▶ **Source material**:
##########
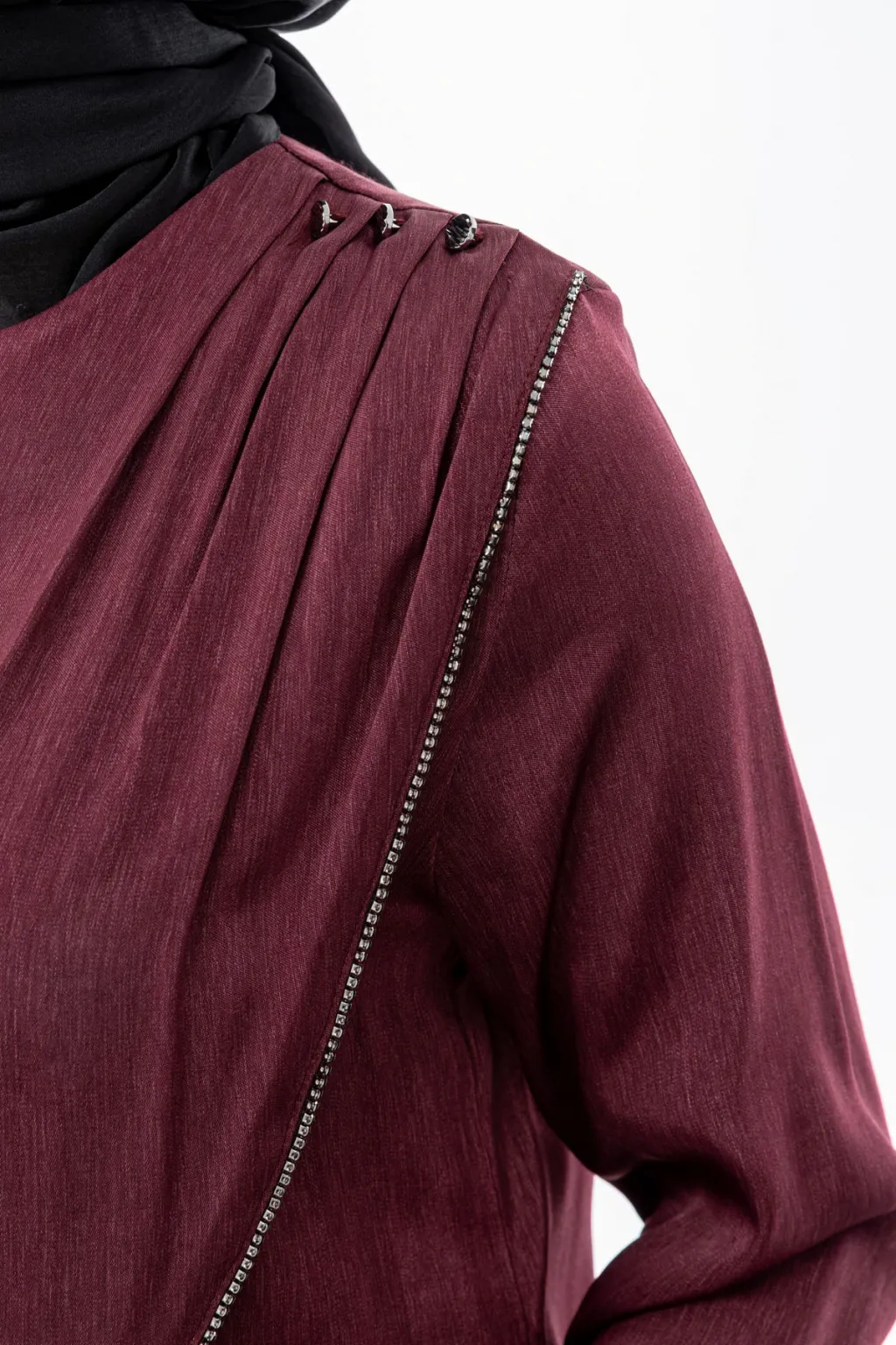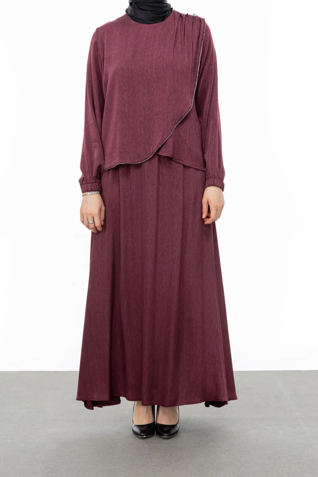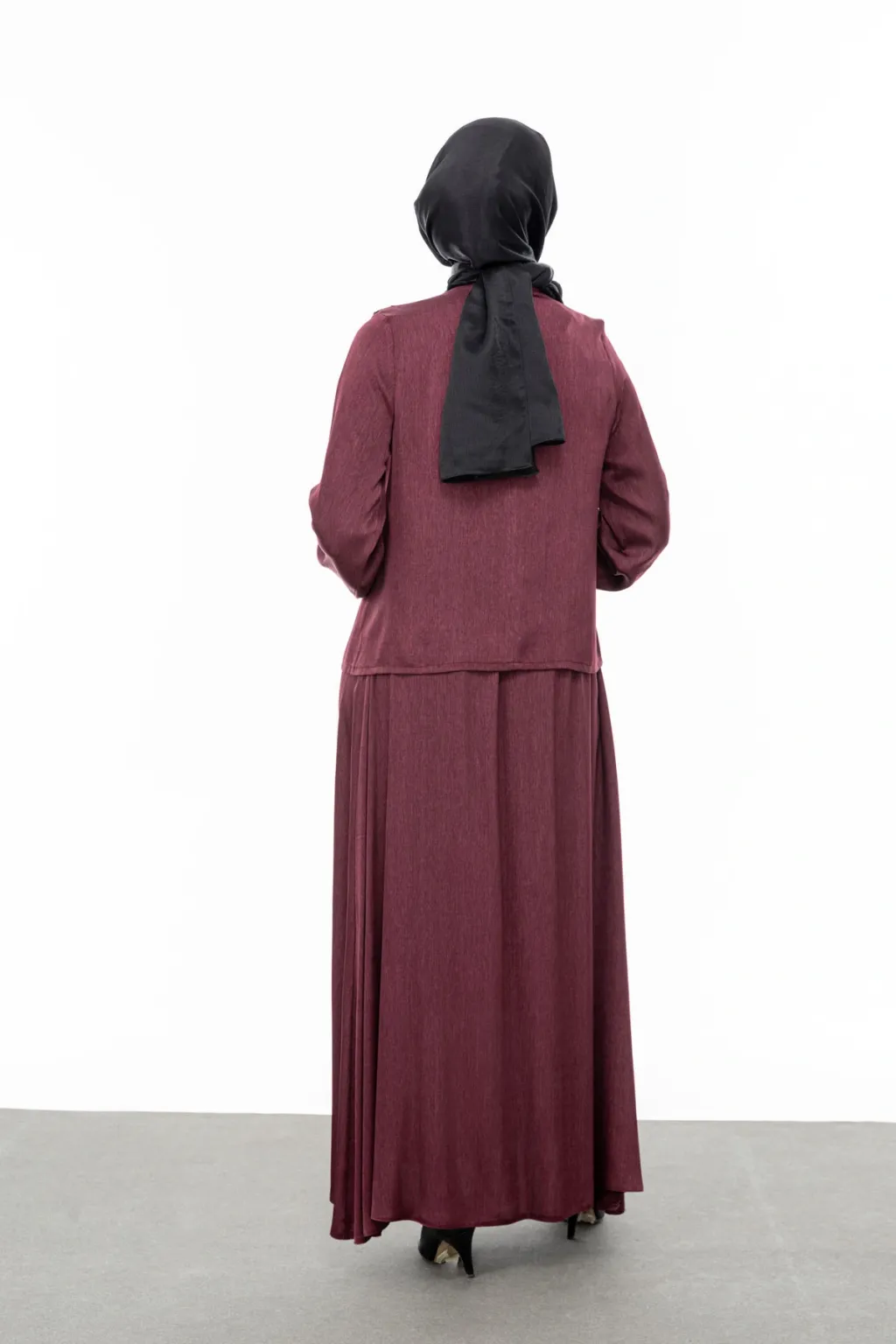 Taş Biye Detaylı Etek Takım - Bordo - (asorti: M-xxl)
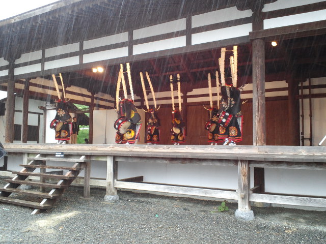 太鼓を叩いて歌いながら、頭を勢いよく下げて、白い棒のようなものを床に叩きつけます。
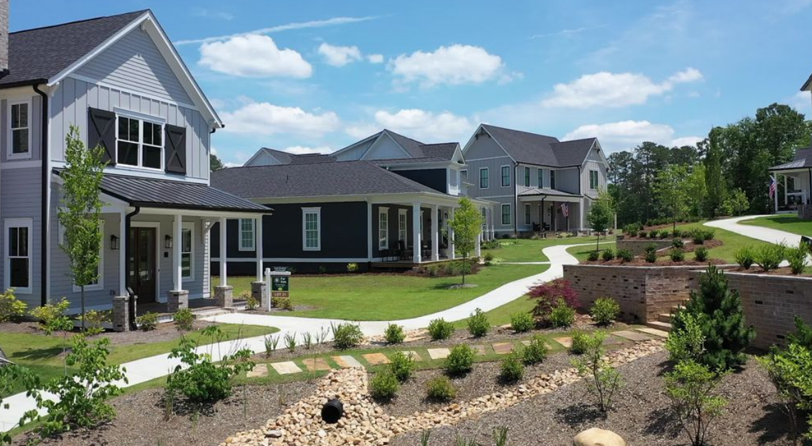 With an abundant amount of greenspace, tranquil parks, a village green, and walking trails, Homestead at Hog Mountain is designed for human connectivity. This 3D rendering of our pocket park highlights how our cottage homes will face inward towards a beautiful green space that is shared by neighbors.
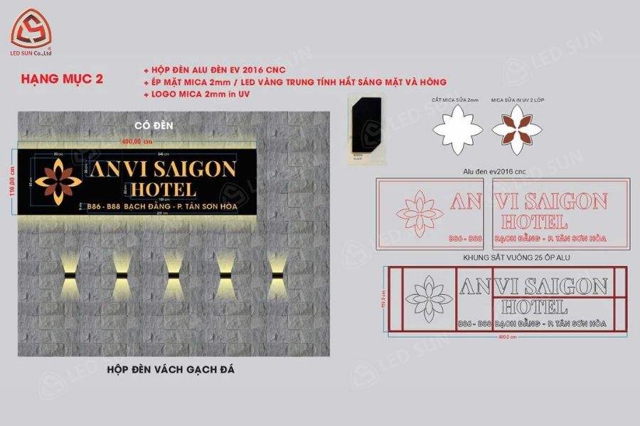 Led Sun thực hiện thiết kế, sản xuất và thi công bảng hiệu chữ nổi và nhận diện thương hiệu cho An Vi Hotel. Dự án bao gồm các hạng mục chữ nổi trên cao, bảng hiệu canopy, hộp đèn mặt tiền và hệ thống bảng chỉ dẫn nội bộ.
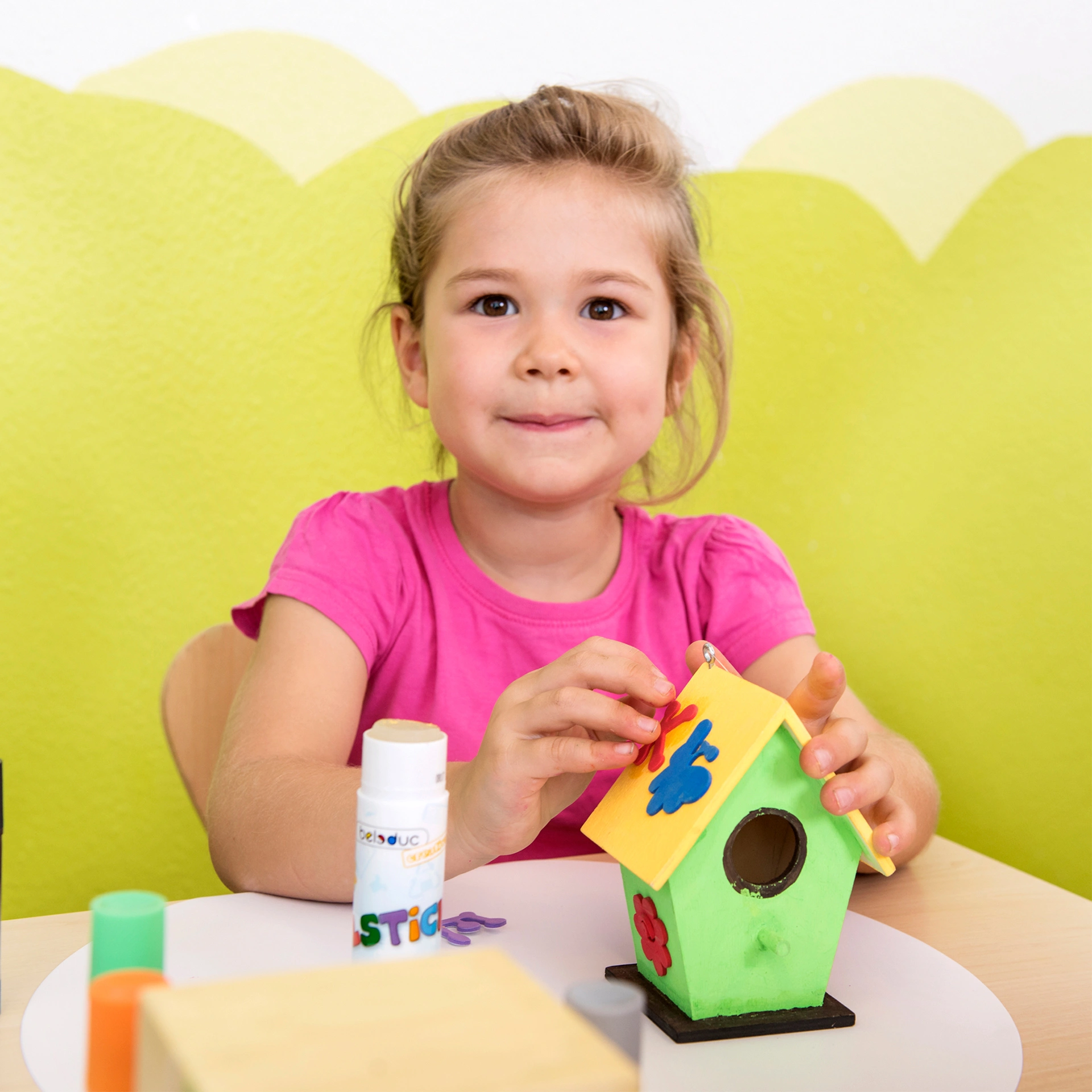 Der Klebstoff wird glatt, gleichmäßig und transparent aufgetragen und bietet ausreichend Zeit zur Korrektur. So können Bastelarbeiten präzise ausgerichtet werden, bevor der Kleber trocknet.
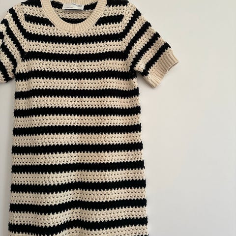 Lækker selected femme strikkjole. Uldblanding som ikke kradser. Str xl. Måler 102 cm om brystet, uden at trække i kjolen. Måler 114 cm fra under kraven og ned bagpå. Var brugt 1 gang kortvarigt. De 4 første billeder er fra nettet
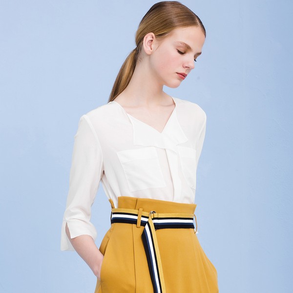 07 交叠V领不会太多露肤,完美包裹出身材曲线,包容性强的款式,谁穿都好看,温柔奶白色女神范十足,用不对称一粒扣连接代替了繁琐的一排纽扣,简洁又高雅大方,离精英范很近很近了。
##########
▶ **What to do**: For this exercise, reproduce exactly the lines of the records above from the one with "太鼓を叩いて歌いながら、頭を" up to and including the one with "Lækker selected femme", without pictures.

▶ **Exercise result**:
 太鼓を叩いて歌いながら、頭を勢いよく下げて、白い棒のようなものを床に叩きつけます。
 With an abundant amount of greenspace, tranquil parks, a village green, and walking trails, Homestead at Hog Mountain is designed for human connectivity. This 3D rendering of our pocket park highlights how our cottage homes will face inward towards a beautiful green space that is shared by neighbors.
 Led Sun thực hiện thiết kế, sản xuất và thi công bảng hiệu chữ nổi và nhận diện thương hiệu cho An Vi Hotel. Dự án bao gồm các hạng mục chữ nổi trên cao, bảng hiệu canopy, hộp đèn mặt tiền và hệ thống bảng chỉ dẫn nội bộ.
 Der Klebstoff wird glatt, gleichmäßig und transparent aufgetragen und bietet ausreichend Zeit zur Korrektur. So können Bastelarbeiten präzise ausgerichtet werden, bevor der Kleber trocknet.
 Lækker selected femme strikkjole. Uldblanding som ikke kradser. Str xl. Måler 102 cm om brystet, uden at trække i kjolen. Måler 114 cm fra under kraven og ned bagpå. Var brugt 1 gang kortvarigt. De 4 første billeder er fra nettet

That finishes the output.